[Exercise requirements] Only the lines from the beginning of the data through the line holding "Pink and black" belong in the answer, printed exactly and without pictures.

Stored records

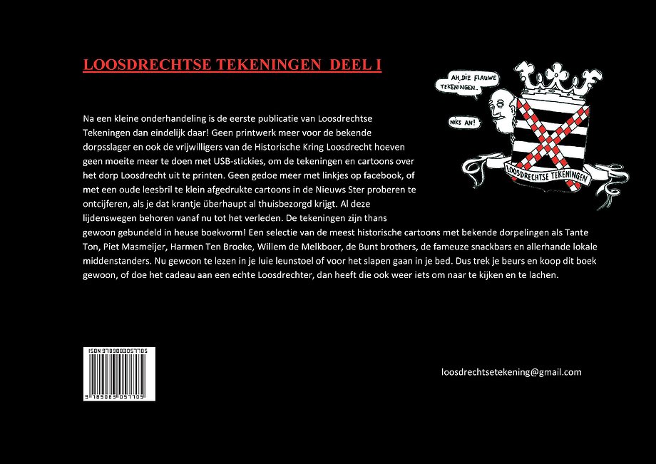 Na een kleine onderhandeling is de eerste publicatie van Loosdrechtse Tekeningen dan eindelijk daar! Geen printwerk meer voor de bekende dorpsslager en ook de vrijwilligers van de Historische Kring Loosdrecht hoeven geen moeite meer te doen met USB-stickies, om de tekeningen en cartoons over het dorp Loosdrecht uit te printen. Geen gedoe meer met linkjes op facebook, of met een oude leesbril te klein afgedrukte cartoons in de Nieuws Ster proberen te ontcijferen, als je dat krantje überhaupt al thuisbezorgd krijgt. Al deze lijdenswegen behoren vanaf nu tot het verleden. De tekeningen zijn thans gewoon gebundeld in heuse boekvorm! Een selectie van de meest historische cartoons met bekende dorpelingen als Tante Ton, Piet Masmeijer, Harmen Ten Broeke, Willem de Melkboer, de Bunt brothers, de fameuze snackbars en allerhande lokale middenstanders. Nu gewoon te lezen in je luie leunstoel of voor het slapen gaan in je bed. Dus trek je beurs en koop dit boek gewoon, of doe het cadeau aan een echte Loosdrechter, dan heeft die ook weer iets om naar te kijken en te lachen.
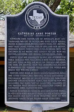 26. ^ "THC-Katherine Anne Porter". Archived 2016-03-04 at the Wayback Machine Recorded Texas Historic Landmark (Texas Historical Commission). Retrieved: February 22, 2011.
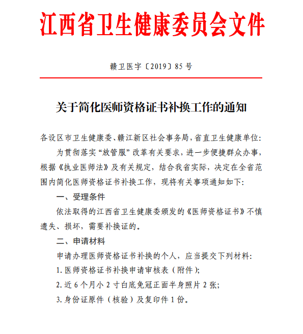 近日新余市卫健委公布关于简化医师资格证书补换工作的通知,医学教育网小编为大家整理内容如下:
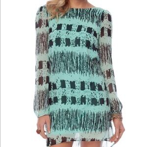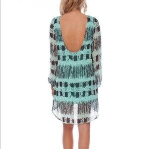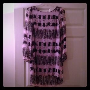 Pink and black tunic dress. Never worn! Long sleeved, longer in the back. Open back. Mini, fancy or casual, cocktail dress
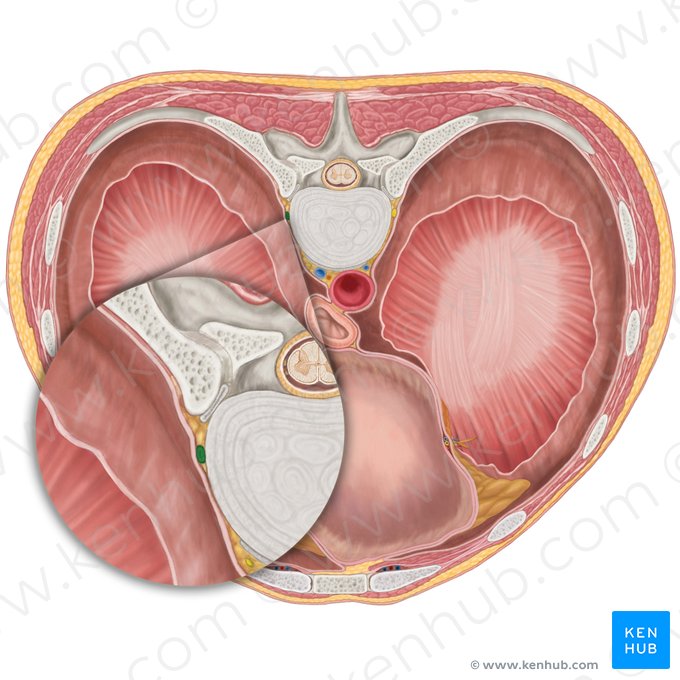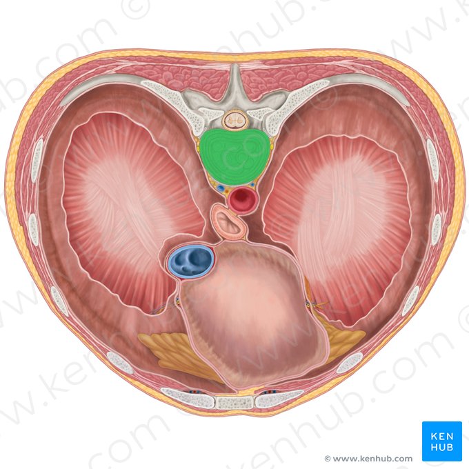 Das Zwerchfell (Diaphragma) ist eine große, kuppelförmige, muskulotendinöse Struktur, welches die Brusthöhle von der Bauchhöhle trennt. Seine Muskelfasern entspringen peripher und verlaufen nach medial, wo sie in die rechte und linke Sehnenplatte des Zwerchfells (Centrum tendineum diaphragmatis) inserieren. Die Kontraktion dieses großen Muskels ist entscheidend für die Atmung. Bei der Kontraktion flacht die kuppelförmige Struktur des Zwerchfells ab und vergrößert somit die Brusthöhle, damit Luft in die Lungen strömen kann. Das Zwerchfell wird durch den linken und rechten N. phrenicus innerviert, welcher jeweils aus den Spinalnervensegmenten C3 bis C5 entsteht. Es gibt einige Öffnungen, die den Durchtritt verschiedener Strukturen durch das Zwerchfell ermöglichen. Die drei größten Öffnungen sind nach den darin verlaufenden Strukturen benannt: der Hiatus aorticus, Hiatus oesophageus und das Foramen venae cavae.

[Response to the task]
 Na een kleine onderhandeling is de eerste publicatie van Loosdrechtse Tekeningen dan eindelijk daar! Geen printwerk meer voor de bekende dorpsslager en ook de vrijwilligers van de Historische Kring Loosdrecht hoeven geen moeite meer te doen met USB-stickies, om de tekeningen en cartoons over het dorp Loosdrecht uit te printen. Geen gedoe meer met linkjes op facebook, of met een oude leesbril te klein afgedrukte cartoons in de Nieuws Ster proberen te ontcijferen, als je dat krantje überhaupt al thuisbezorgd krijgt. Al deze lijdenswegen behoren vanaf nu tot het verleden. De tekeningen zijn thans gewoon gebundeld in heuse boekvorm! Een selectie van de meest historische cartoons met bekende dorpelingen als Tante Ton, Piet Masmeijer, Harmen Ten Broeke, Willem de Melkboer, de Bunt brothers, de fameuze snackbars en allerhande lokale middenstanders. Nu gewoon te lezen in je luie leunstoel of voor het slapen gaan in je bed. Dus trek je beurs en koop dit boek gewoon, of doe het cadeau aan een echte Loosdrechter, dan heeft die ook weer iets om naar te kijken en te lachen.
 26. ^ "THC-Katherine Anne Porter". Archived 2016-03-04 at the Wayback Machine Recorded Texas Historic Landmark (Texas Historical Commission). Retrieved: February 22, 2011.
 近日新余市卫健委公布关于简化医师资格证书补换工作的通知,医学教育网小编为大家整理内容如下:
 Pink and black tunic dress. Never worn! Long sleeved, longer in the back. Open back. Mini, fancy or casual, cocktail dress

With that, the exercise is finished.